THE DATA -
----

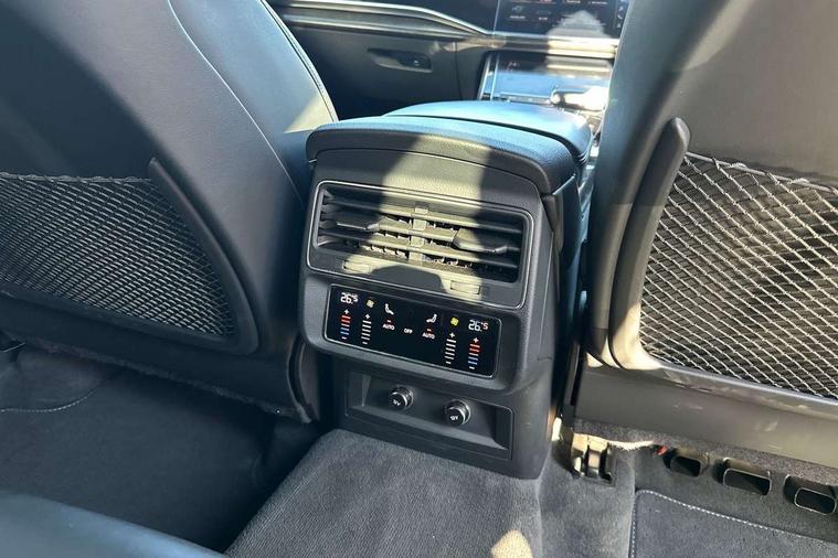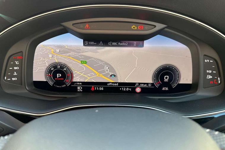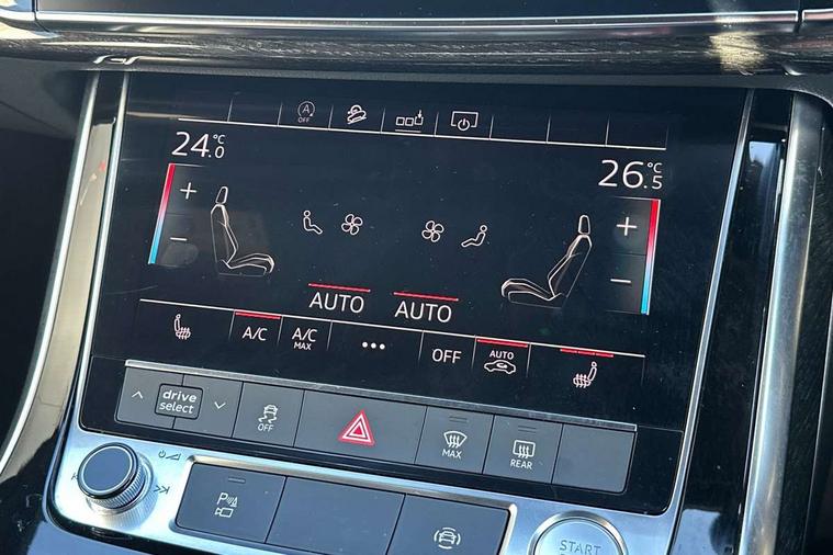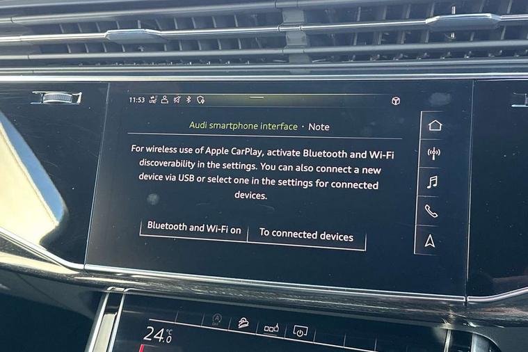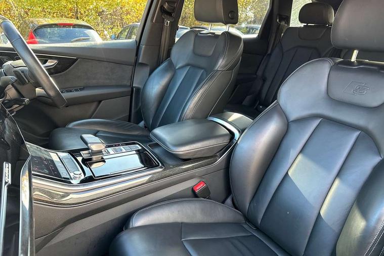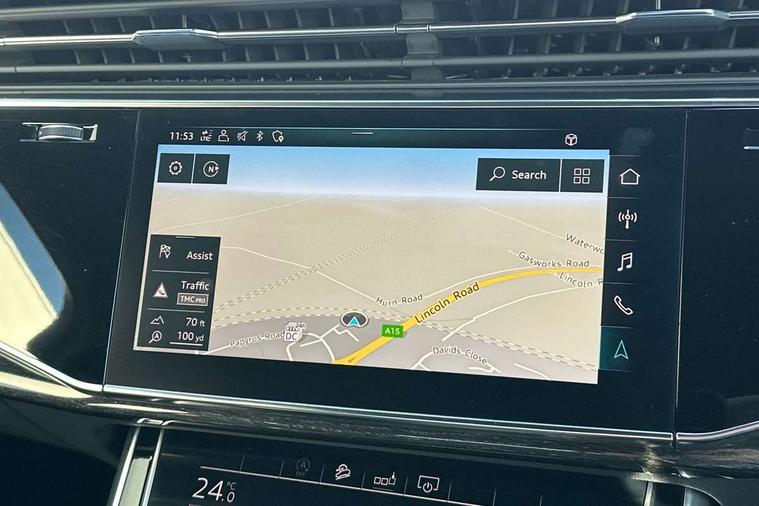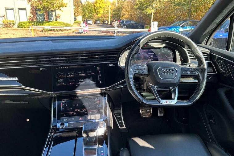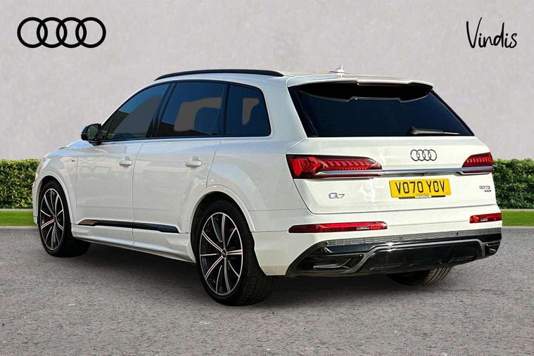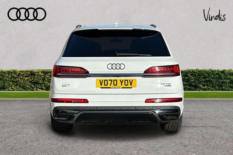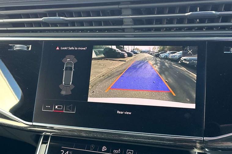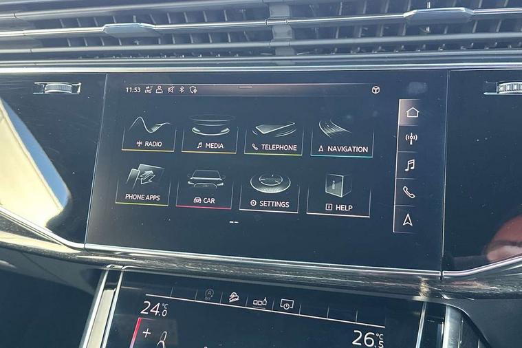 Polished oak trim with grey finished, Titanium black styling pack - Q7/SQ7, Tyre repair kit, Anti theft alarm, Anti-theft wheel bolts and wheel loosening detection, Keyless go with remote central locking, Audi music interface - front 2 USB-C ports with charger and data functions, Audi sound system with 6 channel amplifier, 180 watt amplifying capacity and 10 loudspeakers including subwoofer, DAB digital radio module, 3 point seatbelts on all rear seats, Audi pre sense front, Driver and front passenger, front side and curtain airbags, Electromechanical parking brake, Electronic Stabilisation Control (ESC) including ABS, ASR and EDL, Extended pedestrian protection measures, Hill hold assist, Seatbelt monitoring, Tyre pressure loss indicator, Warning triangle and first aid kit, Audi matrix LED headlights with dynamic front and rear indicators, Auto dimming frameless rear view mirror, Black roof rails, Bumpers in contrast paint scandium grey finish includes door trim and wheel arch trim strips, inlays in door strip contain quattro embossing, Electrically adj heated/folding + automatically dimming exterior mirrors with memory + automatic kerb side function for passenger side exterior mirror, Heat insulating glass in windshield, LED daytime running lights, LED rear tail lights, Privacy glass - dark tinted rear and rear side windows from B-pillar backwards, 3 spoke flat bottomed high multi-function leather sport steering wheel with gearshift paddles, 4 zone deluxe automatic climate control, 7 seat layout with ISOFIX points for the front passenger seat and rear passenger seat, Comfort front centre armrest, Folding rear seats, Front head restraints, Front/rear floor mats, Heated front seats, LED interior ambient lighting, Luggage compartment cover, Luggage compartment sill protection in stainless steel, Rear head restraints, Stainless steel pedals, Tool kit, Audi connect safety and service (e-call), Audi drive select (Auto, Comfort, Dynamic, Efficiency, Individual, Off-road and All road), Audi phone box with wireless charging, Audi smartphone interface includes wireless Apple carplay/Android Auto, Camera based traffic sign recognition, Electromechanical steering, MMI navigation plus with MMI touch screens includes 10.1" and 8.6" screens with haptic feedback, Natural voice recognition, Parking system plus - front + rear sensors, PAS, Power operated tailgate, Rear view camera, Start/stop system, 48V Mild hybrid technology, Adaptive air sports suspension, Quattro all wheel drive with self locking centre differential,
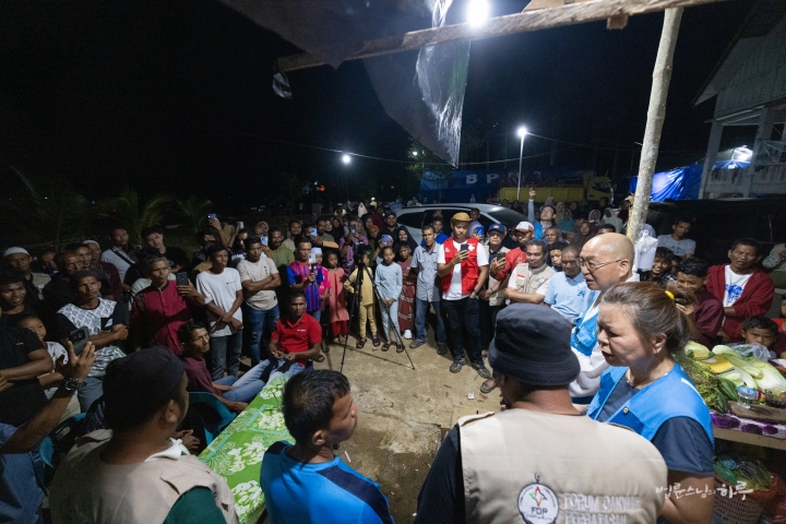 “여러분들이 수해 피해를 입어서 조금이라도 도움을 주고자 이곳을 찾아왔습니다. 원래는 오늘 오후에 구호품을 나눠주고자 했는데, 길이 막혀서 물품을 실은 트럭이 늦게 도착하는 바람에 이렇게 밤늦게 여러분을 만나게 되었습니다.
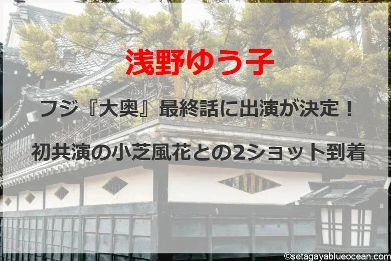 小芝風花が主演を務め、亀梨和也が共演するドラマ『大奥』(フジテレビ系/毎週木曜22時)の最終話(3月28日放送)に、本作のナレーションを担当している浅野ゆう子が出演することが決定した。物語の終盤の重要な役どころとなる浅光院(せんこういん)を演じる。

----

BRIEF -
Could you retype every line above exactly as it appears, skipping the pictures?

OUTPUT BELOW -
 Polished oak trim with grey finished, Titanium black styling pack - Q7/SQ7, Tyre repair kit, Anti theft alarm, Anti-theft wheel bolts and wheel loosening detection, Keyless go with remote central locking, Audi music interface - front 2 USB-C ports with charger and data functions, Audi sound system with 6 channel amplifier, 180 watt amplifying capacity and 10 loudspeakers including subwoofer, DAB digital radio module, 3 point seatbelts on all rear seats, Audi pre sense front, Driver and front passenger, front side and curtain airbags, Electromechanical parking brake, Electronic Stabilisation Control (ESC) including ABS, ASR and EDL, Extended pedestrian protection measures, Hill hold assist, Seatbelt monitoring, Tyre pressure loss indicator, Warning triangle and first aid kit, Audi matrix LED headlights with dynamic front and rear indicators, Auto dimming frameless rear view mirror, Black roof rails, Bumpers in contrast paint scandium grey finish includes door trim and wheel arch trim strips, inlays in door strip contain quattro embossing, Electrically adj heated/folding + automatically dimming exterior mirrors with memory + automatic kerb side function for passenger side exterior mirror, Heat insulating glass in windshield, LED daytime running lights, LED rear tail lights, Privacy glass - dark tinted rear and rear side windows from B-pillar backwards, 3 spoke flat bottomed high multi-function leather sport steering wheel with gearshift paddles, 4 zone deluxe automatic climate control, 7 seat layout with ISOFIX points for the front passenger seat and rear passenger seat, Comfort front centre armrest, Folding rear seats, Front head restraints, Front/rear floor mats, Heated front seats, LED interior ambient lighting, Luggage compartment cover, Luggage compartment sill protection in stainless steel, Rear head restraints, Stainless steel pedals, Tool kit, Audi connect safety and service (e-call), Audi drive select (Auto, Comfort, Dynamic, Efficiency, Individual, Off-road and All road), Audi phone box with wireless charging, Audi smartphone interface includes wireless Apple carplay/Android Auto, Camera based traffic sign recognition, Electromechanical steering, MMI navigation plus with MMI touch screens includes 10.1" and 8.6" screens with haptic feedback, Natural voice recognition, Parking system plus - front + rear sensors, PAS, Power operated tailgate, Rear view camera, Start/stop system, 48V Mild hybrid technology, Adaptive air sports suspension, Quattro all wheel drive with self locking centre differential,
 “여러분들이 수해 피해를 입어서 조금이라도 도움을 주고자 이곳을 찾아왔습니다. 원래는 오늘 오후에 구호품을 나눠주고자 했는데, 길이 막혀서 물품을 실은 트럭이 늦게 도착하는 바람에 이렇게 밤늦게 여러분을 만나게 되었습니다.
 小芝風花が主演を務め、亀梨和也が共演するドラマ『大奥』(フジテレビ系/毎週木曜22時)の最終話(3月28日放送)に、本作のナレーションを担当している浅野ゆう子が出演することが決定した。物語の終盤の重要な役どころとなる浅光院(せんこういん)を演じる。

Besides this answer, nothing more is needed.